The timing matters. With the Albanese government's AUKUS submarine program pouring billions into South Australian defence contracting, and the Malinauskas government's hydrogen jobs plan generating a wave of new technical documentation, the volume of imagery flowing through SA's institutional pipelines has expanded sharply since 2024. Defence contractors clustered along Port Road and around the Edinburgh RAAF Base precinct are now processing engineering diagrams, site photographs and compliance imagery at a scale that simply did not exist five years ago.

The Scale of the Problem in Adelaide's Digital Ecosystem

Lot Fourteen, the North Terrace innovation precinct that hosts the Australian Space Agency headquarters and dozens of defence and tech tenants, presents a concentrated version of the broader challenge. Multiple organisations sharing overlapping project documentation — and, in some cases, overlapping photography of the same physical spaces — creates conditions where a single image can exist in four or five slightly different versions across separate databases. Each version may carry different metadata, a different filename, or a different rights status.

The Adelaide City Council's digital records system, like those of most large local governments, has grappled with this since its digitisation push began in earnest around 2019. A 2023 audit framework published by the Australian National Audit Office — though focused on federal agencies — found that image duplication rates in large institutional repositories commonly run between 12 and 22 percent of total stored assets. Applying even the lower end of that range to an organisation managing 50,000 image assets means roughly 6,000 files that are consuming storage, confusing search results and occasionally being published in error.

The replacement workflow — identifying a duplicate, locating the canonical version, updating every document or webpage where the wrong image appeared, and logging the correction — takes an average of 2.3 staff hours per incident according to workflow analysis published by the Records and Information Management Professionals Australasia body in its 2024 benchmarking report. At the SA public sector administrative wage of approximately $42 per hour, each corrected duplicate costs the organisation roughly $97 in labour alone, before factoring in any reputational or compliance consequences.

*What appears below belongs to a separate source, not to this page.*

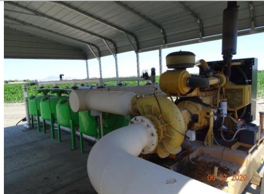
Land-Side: Diesel pump and media filtering facility off levee toe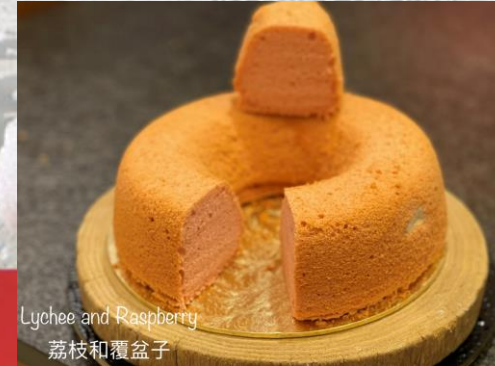
Lychee & Raspberry $20.00. (SKU: PM0013-LR)

Ingredients content: Dairy Products, Eggs, Sunflower Oil, Flour, Citrus, Matcha Tea Powder & Sugar.

What Organisations Are Doing About It

The practical response across Adelaide's institutional sector has moved in two directions. Larger organisations — among them defence primes with Osborne Naval Shipyard contracts and universities including the University of South Australia's Mawson Lakes campus — have begun investing in automated deduplication software that can scan repositories and flag near-identical images using perceptual hashing algorithms. Smaller councils and nonprofits are mostly still relying on manual audits, typically scheduled annually.

The hydrogen jobs plan, which the Malinauskas government is rolling out with a flagship electrolyser facility slated for Whyalla, adds another layer of complexity. Construction and environmental impact documentation for projects of that scale generates thousands of site images over a multi-year build period. Without a naming and tagging convention enforced at the point of capture, those repositories tend to accumulate duplicates rapidly — often reaching duplication rates above 30 percent within 18 months, according to the 2024 RIMPA benchmarks.

For organisations that have not yet conducted a formal audit, the practical starting point recommended by digital records professionals is a baseline inventory run against storage systems before the end of the 2025-26 financial year — the window for which is closing now, on July 4, 2026. Establishing a single source-of-truth image repository, with enforced metadata standards at upload, is the intervention that consistently delivers the largest reduction in future duplication rates. The cost of getting it wrong, the data shows, compounds with every month of delay.